Рождение, Происхождение и Начало

РОЖДЕНИЕ ХОЛОДНОЙ ВОЙНЫ
Происхождение словосочетания «Холодная война» до сих пор является предметом споров.
Большинство специалистов отдают пальму первенства в его изобретении английскому журналисту и писателю Эрику Артуру Блэйру (Eric Arthur Blair), автору романа «1984», не менее прославленной повести «Ферма Животных» (Animal Farm) и множества других замечательных книг и статей, опубликованных под псевдонимом Джордж Оруэлл (George Orwell).
19 октября 1945 года он напечатал в лейбористском еженедельнике Tribune эссе «Вы и Атомная Бомба» (You and the Atomic Bomb), где это словосочетание появилось, скорее всего, впервые. Отметив, что «возможно, мы движемся не к общему краху, а к эпохе, которая будет отличаться такой же ужасной стабильностью, что и рабовладельческие империи античных времен», Оруэлл предсказал появление государства, «которое окажется просто невозможно завоевать и которое будет находиться в перманентном состоянии ‘холодной войны’ со своими соседями».
Оруэлл не довел свой абстрактный прогноз до предсказания будущих конфликтов между США и СССР, вероятность которых осенью 1945 года отнюдь не выглядела фатальной. В конкретном внешнеполитическом контексте выражение «Холодная война» впервые появляется лишь через полтора года в речи американского финансиста и политика Бернарда Баруха, произнесенной 16 апреля 1947 года. Барух не делал на нем никакого специального акцента и вставил в свою речь лишь один раз, обратившись к слушателям с призывом: «Давайте не допустим, чтобы нас обманывали. Мы находимся в разгаре холодной войны». Историки не могут сказать, позаимствовал ли Барух это выражение у Оруэлла или придумал сам.
Во всяком случае, достоверно известно, что его заметил и использовал известный американский политический журналист Уолтер Липпман. В сентябре того же года Липпман начал публиковать в газете New York Herald Tribune серию статей о советско-американских отношениях, которые вскоре вышли в издательстве Harper&Brothers отдельным изданием, озаглавленным «Холодная война: Исследование Внешней Политики США» (The Cold War: A Study in U.S. Foreign Policy). После этого термин «Холодная война» быстро распространился по всему миру, в том числе и в СССР.
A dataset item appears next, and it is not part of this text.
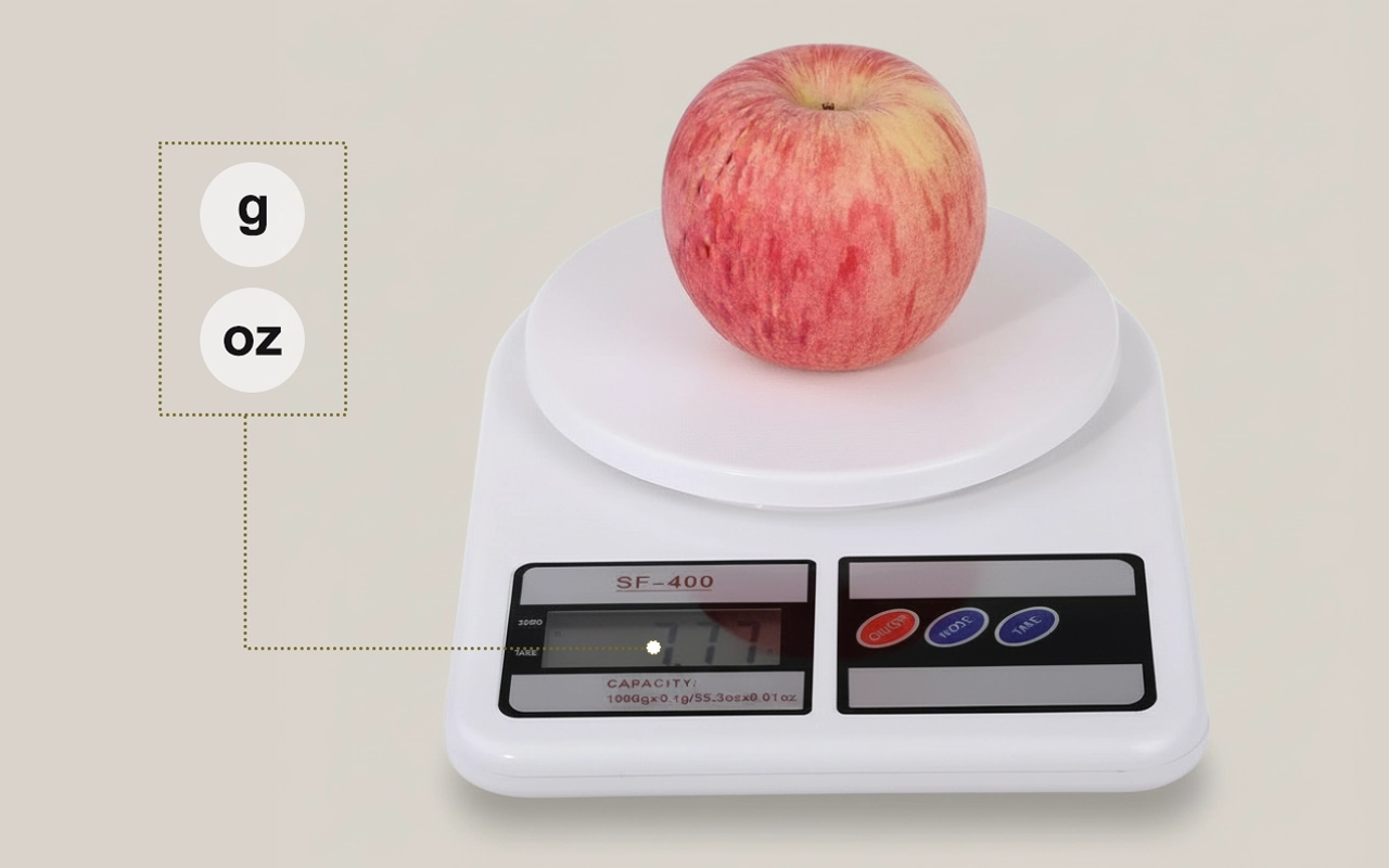 Nos balances de cuisine vous permettent de choisir entre oz et kg.

ПРОИСХОЖДЕНИЕ ХОЛОДНОЙ ВОЙНЫ
Джон Льюис Гэддис (John Lewis Gaddis), профессор Йельского Университета — один из виднейших американских специалистов по политической истории 20-го столетия, в особенности его второй половины. Главная тема его трудов — Холодная война во всех ее аспектах и проявлениях. Именно она стала предметом пяти из восьми его монографий, опубликованных с 1972 по 2004 год.
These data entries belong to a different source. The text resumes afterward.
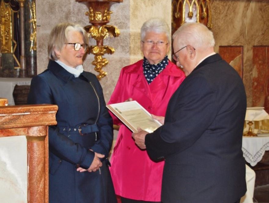 Die Obfrau des Pfarrgemeinderates Hermine Bürgmayr und die Mesnerin Adelheid Falkensteiner gratulierten Herrn Fritz Tscherner ...
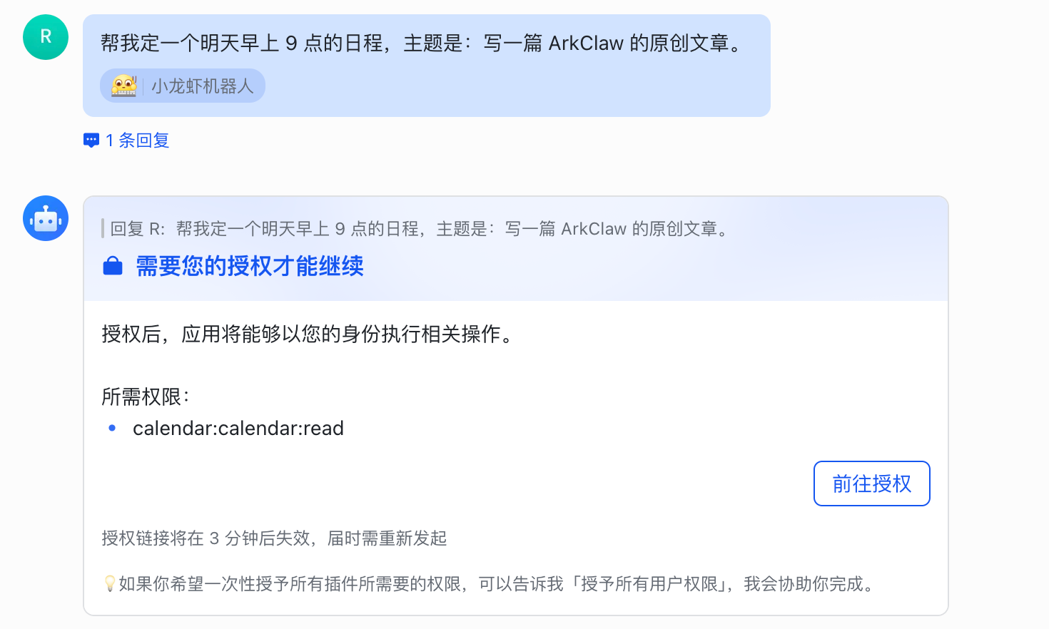 先演示一个让 ArkClaw 创建飞书日程的场景,比如:
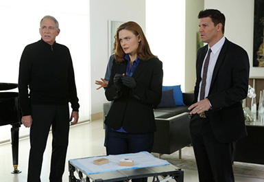 This just in, new episode photos and previews from the Friday January 31st episode of BONES. Direct from FOX, “The Jeffersonian team investigates the murder of Lauren Frank, a kidnap victim whose remains were found buried at a park. But when they discover the unhappy relationship that Lauren had with her stepmother, the team starts to think the killer was someone closer to the girl than expected. Meanwhile, Hodgins uncovers a shocking secret about his family and Brennan and Booth face a common couples’ dilemma – whether to co-mingle their funds.”
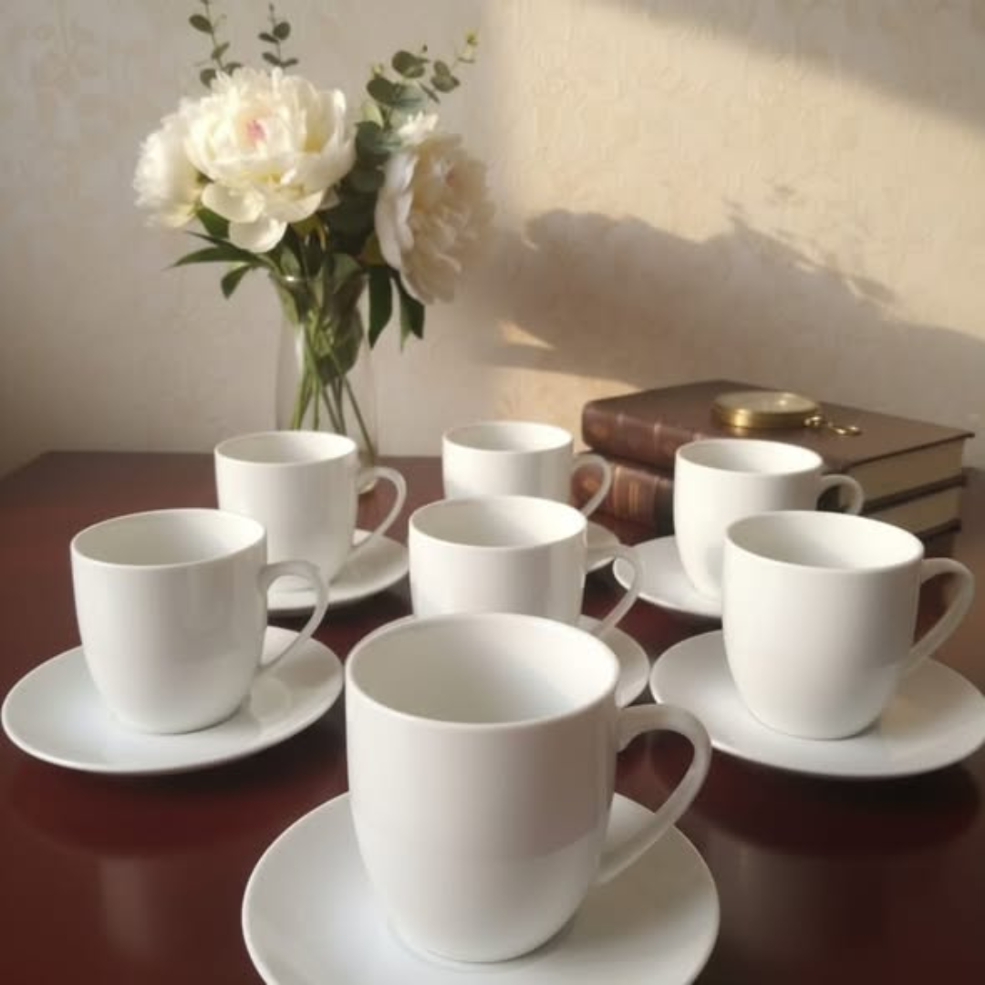 The Cup and Saucer White set is a classic staple that brings the refined atmosphere of a traditional tea house into the comfort of your home. This Cup and Saucer White collection, provided in a set of 6pcs, is designed for those who appreciate the simple beauty of pure white ceramic. With a 270ml capacity, each cup is perfectly sized for a generous serving of coffee, tea, or hot chocolate, ensuring your beverage stays warm while you enjoy it. The matching 6-inch saucers provide a stable place for your cup to rest, while also offering space for a small biscuit or a stirring spoon, protecting your table from heat and spills.

Недавно Гэддис выпустил девятую по счету книгу «Новая история Холодной войны» (Cold War: A New History), в которой подвел итог своих исследований этого многолетнего конфликта. Примерно половина ее объема посвящена поискам ответов всего на два ключевых вопроса: что привело к Холодной войне, и можно ли было ее прекратить еще на начальном этапе?
Гэддис не склонен к историческому фатализму и, судя по всему, не слишком верит в то, что история, согласно известному изречению, не знает сослагательного наклонения. Тем не менее, он считает, что раскол между былыми союзниками был почти однозначно запрограммирован. Вкратце — очень вкратце — вся суть в том, что Вторая мировая война была выиграна странами, которых на протяжении многих лет разделяли глубокие идеологические и геополитические противоречия. В годы совместных боев с фашизмом эти конфликты временно отошли на второй план, но отнюдь не исчезли. Разгром Германии и ее союзников породил глобальную ситуацию, в которой интересы победителей кардинально расходились. Члены антигитлеровской коалиции в теории могли предотвратить усиление взаимного антагонизма, поставив крест на достижении большинства целей, ради которых они и воевали. На такую жертву ни одна из сторон пойти не желала, да и не могла. Подобное положение дел вызвало усиливающуюся конфронтацию, которая не раз создавала реальный риск возникновения глобального вооруженного конфликта, но все же ни разу не дошла до прямого военного противостояния между обеими тогдашними сверхдержавами. Эта конфронтация и получила название Холодной войны.
Как подчеркивает профессор Гэддис, истоки Холодной войны нельзя понять, не приняв во внимание определенные черты сходства между ее главными соперниками, США и СССР. Оба эти государства возникли в результате сильно идеологизированных революций, наложивших глубокий отпечаток на менталитет их населения и, прежде всего, политической элиты. Эти идеологии, несмотря на все их различия, претендовали на универсальную ценность; иначе говоря, и американские, и советские руководители были уверены, что их страны могут и должны служить образцами для всего человечества. И США, и Советский Союз обладали гигантскими территориями и протяженными морскими границами, причем берега каждой страны омывали воды трех океанов, что уже само по себе влекло за собой наличие обширных перекрещивающихся геополитических интересов. Наконец, они вступили во Вторую мировую войну в результате агрессии третьих стран, к которой были не готовы. Хотя эти страны понесли совершенно несравнимые потери (около 27 млн. жителей СССР против 300 тыс. американцев), они обе стремились ни в коем случае не допустить повторения такой ситуации в будущем.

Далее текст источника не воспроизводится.